Bach never allowed a single word of direction here, so obviously Mr. Trifonov was free to perform at whatever pace he needed, And as Glenn Gould inferred, the performer can use his own imagination to complement the composer.


Thus Mr. Trifonov could make a fugue into jigs, sarabandes, acrostics (the final one), into funereal obsequies. Lacking the concentration of the artist, my mind wandered at times into watching a juggler take six or seven balls of different weights and sizes floating, soaring, descending always being caught and thrown again.


Or–imagining that Bach in Vienna might have seen an Ottoman or Bukhara carpet– tens of thousands of threads in infinite directions, yet somehow encompassing the whole.


Mr. Trifonov, though, was intent on the music itself. The lines could go swooping down in mystifying complexity, and the artist never even tried to hide these quantum equations for “clarity”. At the same time, the original theme–whether inverted, diminished, inverted or played (as Schoenberg would say) “crab-wise”–was never far from the surface.

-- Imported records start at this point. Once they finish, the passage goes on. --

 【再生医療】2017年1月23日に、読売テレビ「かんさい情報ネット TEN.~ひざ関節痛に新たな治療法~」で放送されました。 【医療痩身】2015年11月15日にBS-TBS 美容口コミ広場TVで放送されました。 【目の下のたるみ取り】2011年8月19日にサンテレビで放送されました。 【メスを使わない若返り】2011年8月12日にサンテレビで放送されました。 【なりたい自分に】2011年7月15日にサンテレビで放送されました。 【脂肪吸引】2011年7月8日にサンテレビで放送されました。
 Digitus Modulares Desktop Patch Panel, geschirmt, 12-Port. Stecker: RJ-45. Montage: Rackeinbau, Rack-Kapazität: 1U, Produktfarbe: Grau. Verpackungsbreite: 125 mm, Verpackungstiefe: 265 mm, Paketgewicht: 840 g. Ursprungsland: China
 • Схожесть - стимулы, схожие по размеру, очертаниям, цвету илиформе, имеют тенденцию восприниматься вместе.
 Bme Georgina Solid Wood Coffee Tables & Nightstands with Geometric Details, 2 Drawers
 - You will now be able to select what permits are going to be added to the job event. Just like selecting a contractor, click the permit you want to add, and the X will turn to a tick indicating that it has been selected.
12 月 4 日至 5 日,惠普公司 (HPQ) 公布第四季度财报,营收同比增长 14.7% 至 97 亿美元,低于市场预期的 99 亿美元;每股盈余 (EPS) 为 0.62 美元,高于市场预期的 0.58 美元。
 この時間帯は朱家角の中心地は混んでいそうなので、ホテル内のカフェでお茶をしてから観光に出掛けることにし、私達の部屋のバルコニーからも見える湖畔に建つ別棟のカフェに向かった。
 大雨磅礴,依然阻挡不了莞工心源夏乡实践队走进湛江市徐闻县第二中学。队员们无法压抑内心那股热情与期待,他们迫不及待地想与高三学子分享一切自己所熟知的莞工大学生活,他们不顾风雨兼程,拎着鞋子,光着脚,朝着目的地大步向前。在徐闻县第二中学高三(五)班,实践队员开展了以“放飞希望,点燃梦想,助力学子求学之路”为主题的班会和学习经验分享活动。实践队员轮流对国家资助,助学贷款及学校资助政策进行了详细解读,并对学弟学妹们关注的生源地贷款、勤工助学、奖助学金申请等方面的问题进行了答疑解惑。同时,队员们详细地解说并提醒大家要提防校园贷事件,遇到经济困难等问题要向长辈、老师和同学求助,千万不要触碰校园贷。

No matter how complex, no matter how far Bach’s mercilessly mathematical mind was breaking Newtonian Laws for the unexpected, Trifonov always kept his eyes and mind and fingers on that original treasure, the Bach theme.


My own notes give some description to individual sections, but I threw them away. Mr. Trifonov turned the separate exercises, experiments etc. into a complete universe of music. Purists might say he was too fast, too slow, too clever, too amiable, too funereal. Or that he shouldn’t have finished Bach’s last unfinished fugue, where he notated the name B-A-C-H half a dozen times.

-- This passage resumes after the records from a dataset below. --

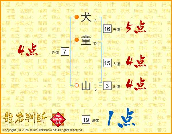 犬童山さんの総運は19画の1点!
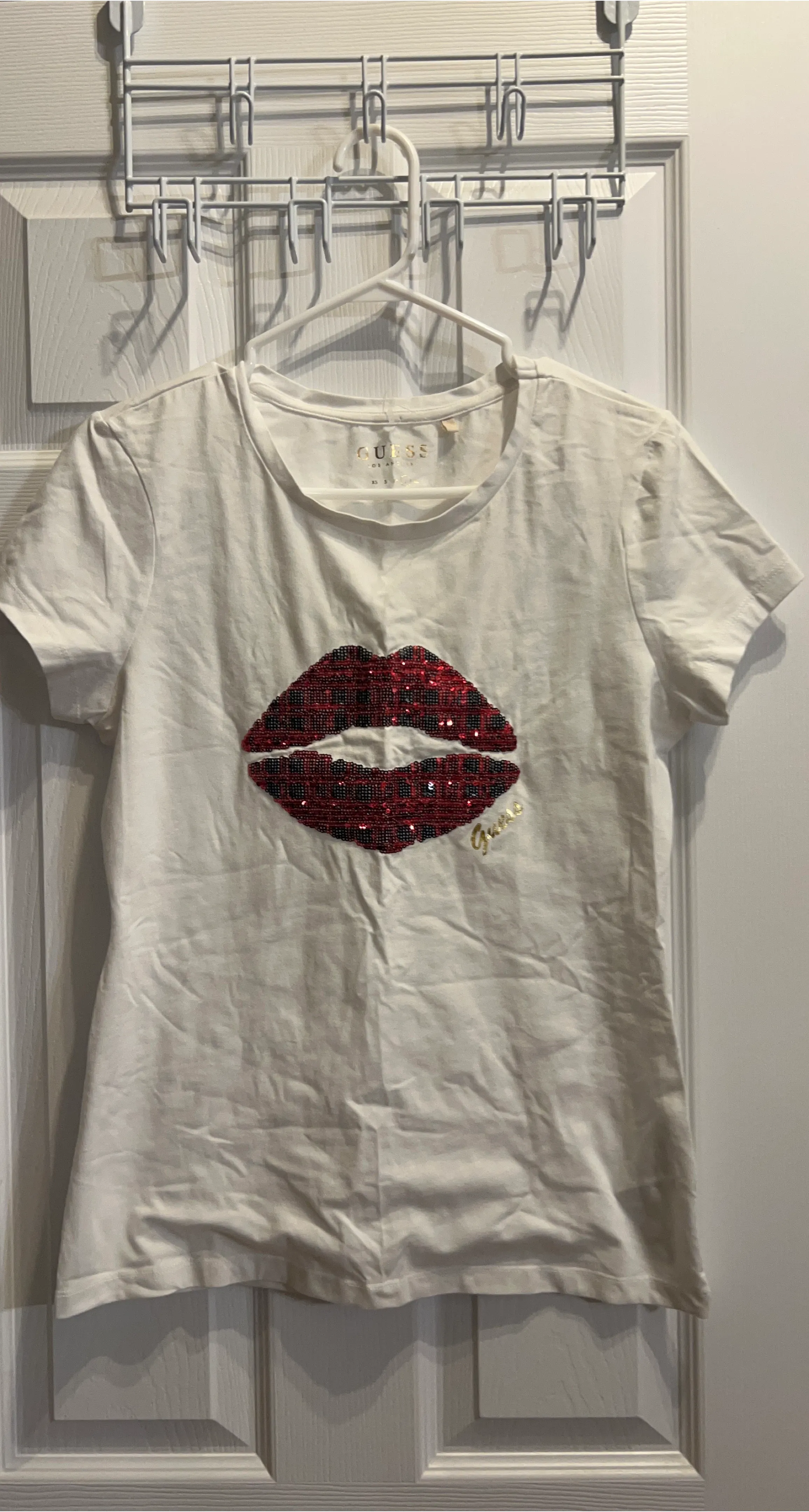 This white Guess t-shirt features a striking red sequin lip graphic. It's made from a comfortable cotton blend. The size tag indicates XS, but it fits like a small. This shirt has never been worn.
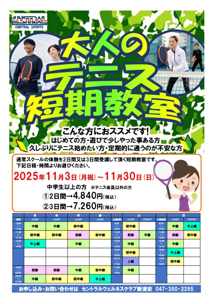 テニスをやってみよう!大人の短期教室受付中! 2025.10.24 お知らせ 短期教室へのご参加は通常体験よりお申込みください イベントレッスンのお知らせ♪ 体験レッスン受付中|初心者大歓迎♪一緒にテニスを始めましょう! 一覧へ戻る
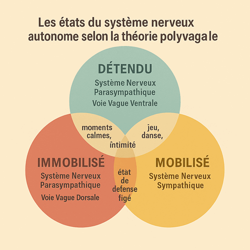 La théorie polyvagale (TPV), formulée par Stephen Porges dans les années 1990, décrit une hiérarchie des réponses du système nerveux autonome : sécurité (vagal ventral), mobilisation (sympathique) et immobilisation (vagal dorsal), activées par une détection inconsciente du danger appelée neuroception, et souligne que le retour à la sécurité passe avant tout par la corégulation.
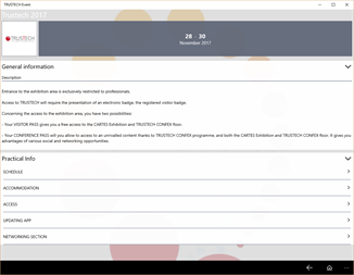 TRUSTECH is the official App for TRUSTECH, the global event for Payment, Identification, Connection& Security. TRUSTECH will take place at the Palais des Festivals de Cannes, French Riviera, from 28 November to 30 November 2017. TRUSTECH is a Must have for your visit. It will enable you to: - Consult the exhibitor list, the conference programme and the speakers list - Create your personal event calendar - Consult the activities organized during the 3-day event - Check the show's interactive floor plan - Get the event’s latest news - And much more.
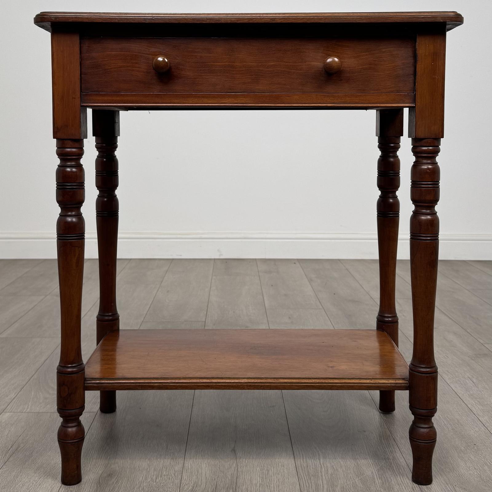 Very well made and of good quality, the table features a single drawer to the upper section, retaining its original knob handle, and a shelf to the base for additional storage or display.
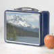 ¡Por la naturaleza y por el gran ventilador! Lleve sus comidas al trabajo o a la escuela con esta metalizado caja de almuerzo que presenta una fotografía pintoresca del Monte Hood cubierto de nieve, junto con un lago azul y un paisaje boscoso circundante en el estado noroeste del Pacífico de Oregón. Seleccione el color de su caja de almuerzo.
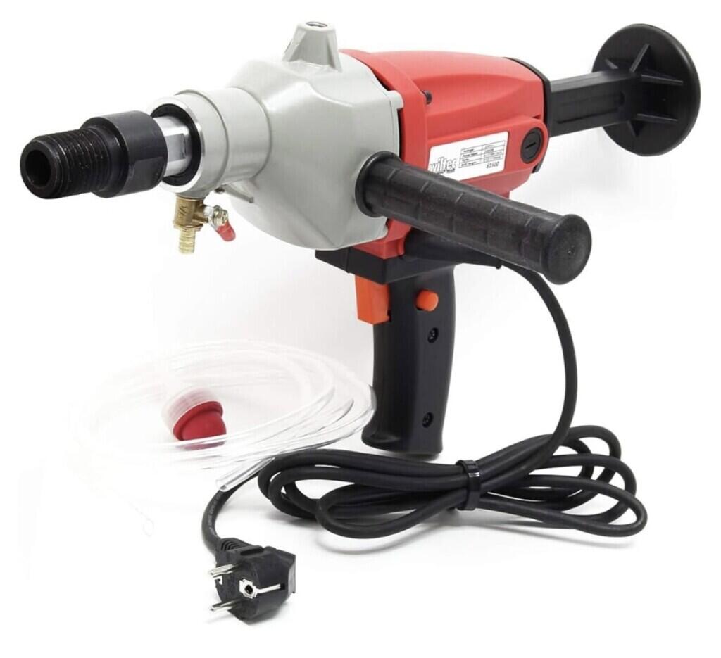 Carotteuse électrique portable avec système de refroidissement à eau avec forêt diamant de 102 mm de diamètre + forêt diamant de 44 mm de diamètre.

Nonsense. Orpheus calmed the beasts. Trifonov never wrestled with this ungainly beast. He and Bach together projected vitality, energy and, above all, life.



M. Hess/J. Brahms


Now we come to the other works, and how he constructed them for the program. The opening Brahms arrangement of the famous Chaconne was written for left hand only, possibly because he didn’t want to destroy the original delicacy of the original violin.


Fat chance. This was indeed Brahms–yet Mr. Trifonov played it with such mastery, such changes in color, in meter, in meaning, that it showed the Baroque mastery to be equivalent to the late Romantic mastery.


One could sympathize going directly into the Fugues eshewing applause before the major work. Yet we did need that space, that pause between the works. With a wave of his hand, he could have stopped the clapping, and given us a breath to digest what we had heard.


Still, that was his choice. Chaconne à son goût.


Dividing the fugues with an intermission was questionable (and even worse since a few dozen audience creatures left during that time.). Again, he left no space between the last fugue before the last piece.


Yet the following Myra Hess transcription of Jesu, Joy of Man’s Desiring was given a hard-driven performance. Perhaps he was saying that Bach’s cantata chorale was as forceful as his Fugues, or perhaps he couldn’t stop the intensity after 90 minutes of entangling music.


Yet the original Bach, and Dame Myra’s arrangement were both gentle filigrees of devotion. Mr. Trifonov’s performance was not so much adoration as a peremptory Lutheran command.


We didn’t need encores, I felt, but Mr. Trifonov is like George Gershwin: nobody can stop him from playing. In this case, I confess to not recognizing a single work. The generous New York Philharmonic producers (Mr. Trifonov is the pianist-in-residence) informed me that they were written by Johann Christian, Wilhelm Friedemann and Carl Philipp Emanuel.)


A Bach-to-Bach-to-Bach tribute for the sons who colllated the messy pages of Dad’s Art of the Fugue, after his death. Methinks, in doing their filial duty, they would have been astonished and proud of this young Russian turning mere notes into transcendent power.